| Exercise goal |
From the line containing "An everyday classic, these" through the last line of the records below, each line is to be repeated exactly; pictures are to be omitted.

| Material shown |

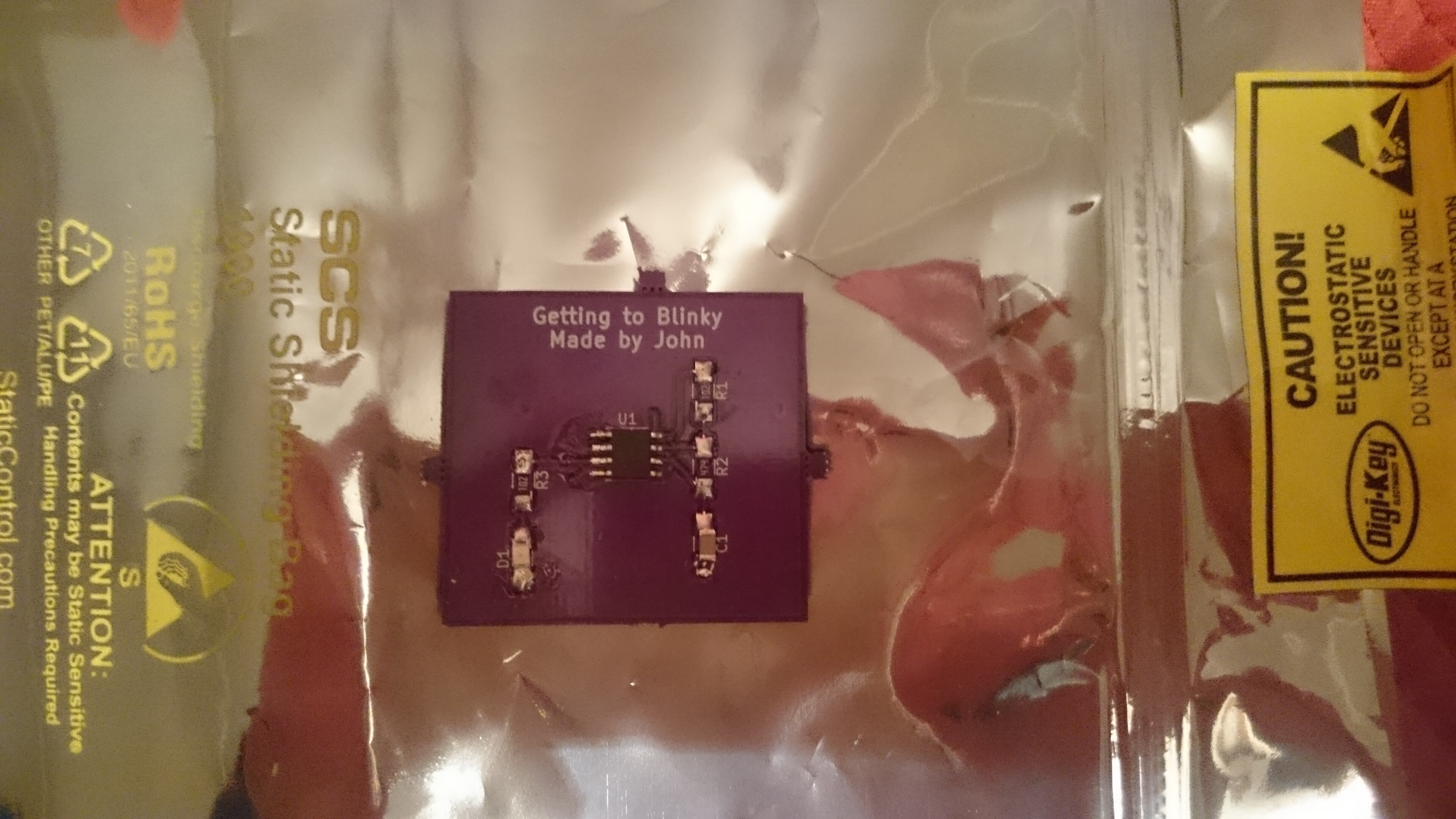 CE related I built the getting to blinky board today, which I think may have been some of the worst soldering I’ve done in a while, but it worked from the very beginning (I knew about the ground issue from the video before I sent to fab), so I can’t complain. I also got the CE Header border and tinsy so I can put some headers or something on that. Just started the sensor board videos.
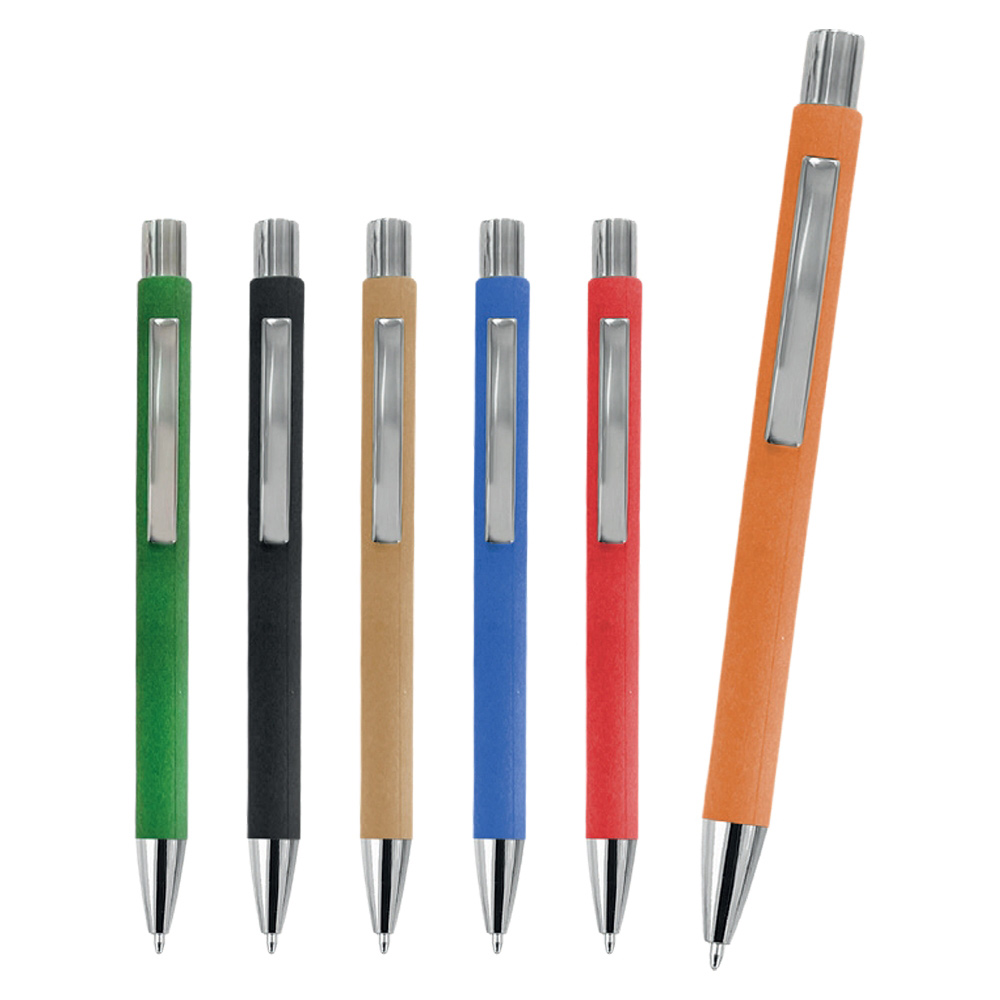 Basmalı tükenmez kalem Krom kaplama İnce tip refil Mavi renk mürekkep Doğa dostu karton gövde
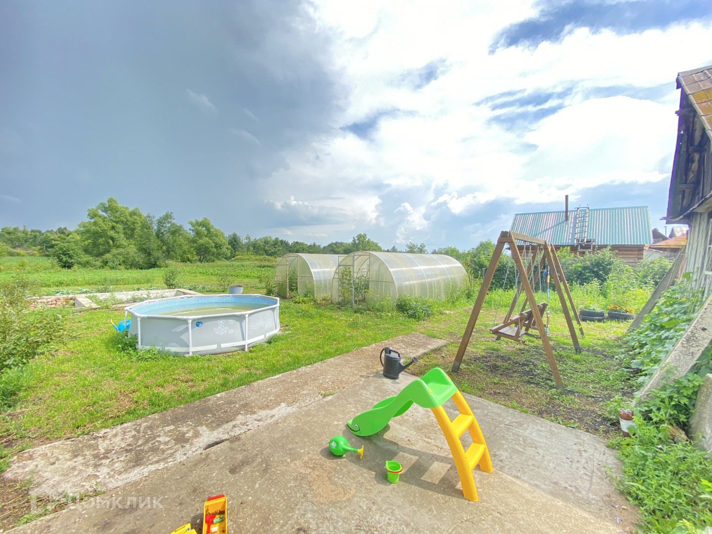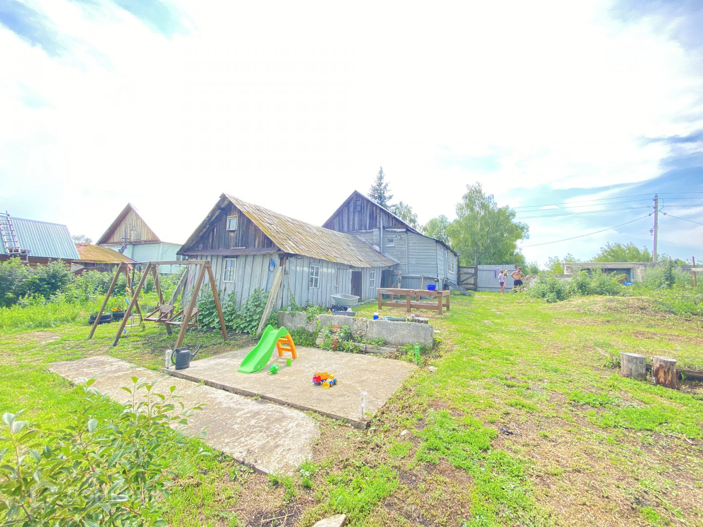 Большой ухоженный участок. Есть много плодовых деревьев, много других растений. Баня в рабочем состоянии. Детская площадка. Две большие теплицы.   Отличный дом как для жизни так и для дачи.
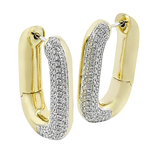An everyday classic, these beautiful, two-tone earrings feature an array of dazzling diamonds along their half edge.
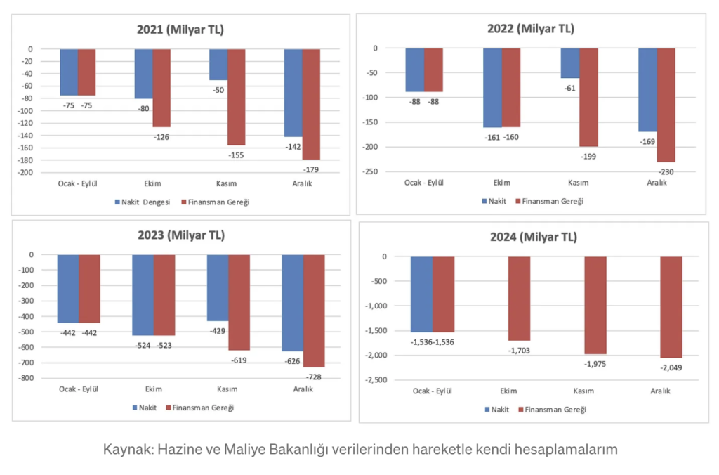 Bu durumda Hazine finansman programında yer alan çerçevede borçlanmaya giderse 2024 yıl sonu itibariyle 2,1 trilyon TL’nin üzerinde yani GSYH’nin yüzde 4,8’i civarında bir nakit açığı oluşacaktır.

| Solution to this exercise |
An everyday classic, these beautiful, two-tone earrings feature an array of dazzling diamonds along their half edge.
 Bu durumda Hazine finansman programında yer alan çerçevede borçlanmaya giderse 2024 yıl sonu itibariyle 2,1 trilyon TL’nin üzerinde yani GSYH’nin yüzde 4,8’i civarında bir nakit açığı oluşacaktır.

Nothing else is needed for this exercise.